In October 1995, the Board of Directors authorized Series A Preferred
Stock ("Old Series A") for up to 250,000 shares. The Old Series A
holders are entitled to receive an 8% per annum cumulative dividend
and a liquidating preference of $10 per share. The holders of the Old
Series A shall have the right to convert each share of Series A into
10 shares of the Company's common stock, for the period of issuance to
December 31, 1997. The Old Series A shares automatically convert to 10
shares of the Company's common stock upon the earlier of December 31,
1997 or the Company's successful completion of an IPO for more than
$5,000,000.
In January 1998, the Board of Directors authorized a Series A
Preferred Stock ("New Series A") for up to 250,000 shares. The New
Series A holders are entitled to receive an 8% per annum cumulative
dividend payable December 31, 1998 and a liquidating preference of
$3.50 per share. The New Series A shares automatically convert into
one share of the Company's common stock on December 31, 1998. Also,
each New Series A share has a common stock purchase warrant entitling
the holder to purchase two shares of the Company's common stock at
$3.00 per share on or before December 31, 1999.
For the years ended May 31, 1996 and 1997, the Company issued 132,510
shares and 95,809 shares, respectively, of Old Series A for aggregate
proceeds of $1,791,425. As of May 31, 1999, 13,150 Old Series A shares
have not been converted, which have cumulative dividends of $35,172.
These shares are being converted as the holders present them for
conversion.
In December 1997, the Company declared a dividend for shareholders of
record as of December 31, 1997. The dividend is to be paid in one New
Series A for each 100 shares of the Company's common stock. As of May
31, 1999, the Company has issued approximately 166,474 New Series A
shares of the total to be issued of 167,789. As of May 31, 1999 all of
the 166,474 shares of New Series A have been converted to 166,474
shares of the Company's common stock.
Preferred Dividends
-------------------
The Company has accrued and unpaid cumulative preferred dividends of
$35,172 as of May 31, 1999.
F-24
<PAGE>
NEVADA MANHATTAN GROUP, INC.
AND SUBSIDIARIES
NOTES TO CONSOLIDATED FINANCIAL STATEMENTS
MAY 31, 1999 AND 1998
NOTE 7 - STOCKHOLDERS' EQUITY (continued)
Common Stock
------------
At the annual meeting of stockholders on December 9, 1998, the
stockholders approved an increase in the authorized common stock from
49,750,000 shares to 250,000,000 shares.
For the year ended May 31, 1998, the Company had the following
significant common stock transactions:
- Issued 814,378 shares for payment of services rendered by
employees and unrelated parties. The shares have been valued at
$1,553,170, the fair market value of the shares at the date of
issuance, in accordance with SFAS No. 123.
- Issued 338,302 shares for the conversion of convertible
debentures for $334,472 of discounted principal.

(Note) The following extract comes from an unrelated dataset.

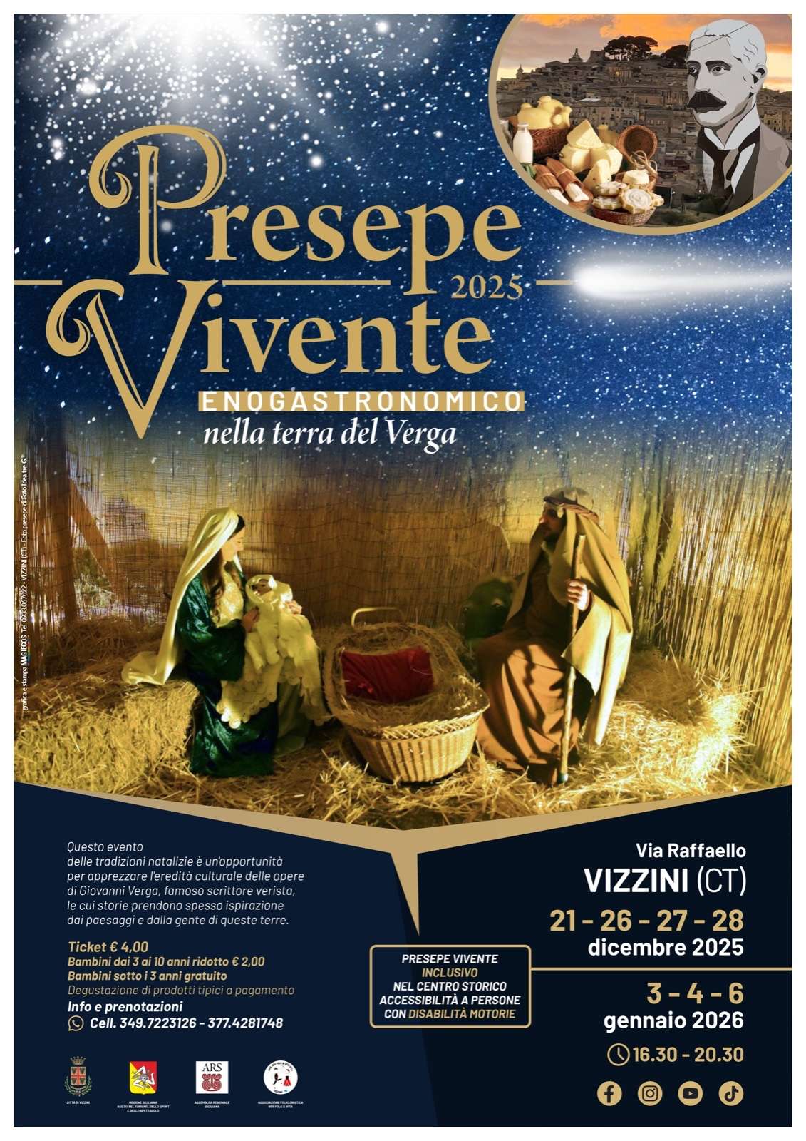 Il Presepe Vivente 2025 a Vizzini è in programma il 21, 26, 27 e 28 dicembre e il 3, 4 e 6 gennaio 2026. Presepe Vivente Inclusivo: il presepe è visitabile anche da persone con disabilità motorie.

- Issued 2,280,199 shares for the conversion of Old Series A
Preferred Stock for $207,444 of par value and $205,244 of
cumulative dividends.
- Issued 289,426 shares for the payment of liquidated damages of
$409,500 associated with the convertible debentures.
- Issued 5,000,000 shares for the acquisition of timberlands in
Brazil for $3,984,375, the fair market value of the stock at the
date of issuance. The shares have been issued as escrow shares
per the Company's purchase contract. The shareholder is required
to perform certain financial obligations prior to the release of
the shares from escrow. Also, the Company has to complete its due
diligence as to the proper conveyance of the deeds for the land.
The Company has not recorded the purchase as an asset until the
Stockholder's obligations and the Company's due diligence have
been completed.
- Issued 2,743,698 shares as collateral for shareholder notes of
which $436,088 of principal and interest and 355,000 shares have
converted to common stock for the year ended May 31, 1998.
- Issued 582,575 shares for the conversion of shareholder notes and
accrued interest for $772,289, of which $436,088 represents
principal and interest for shareholder notes secured by common
stock, the fair market value of the shares at the date of the
issuance of the notes.
F-25
<PAGE>
NEVADA MANHATTAN GROUP, INC.
AND SUBSIDIARIES
NOTES TO CONSOLIDATED FINANCIAL STATEMENTS
MAY 31, 1999 AND 1998
NOTE 7 - STOCKHOLDERS' EQUITY (continued)
Common Stock (continued)
------------------------
For the year ended May 31, 1999, the Company had the following
significant common stock transactions:
- Issued 5,500,000 shares and an option to purchase 70,000,000
shares of the Company's common stock at $0.335 in September 1998
for a stock purchase agreement for $500,000.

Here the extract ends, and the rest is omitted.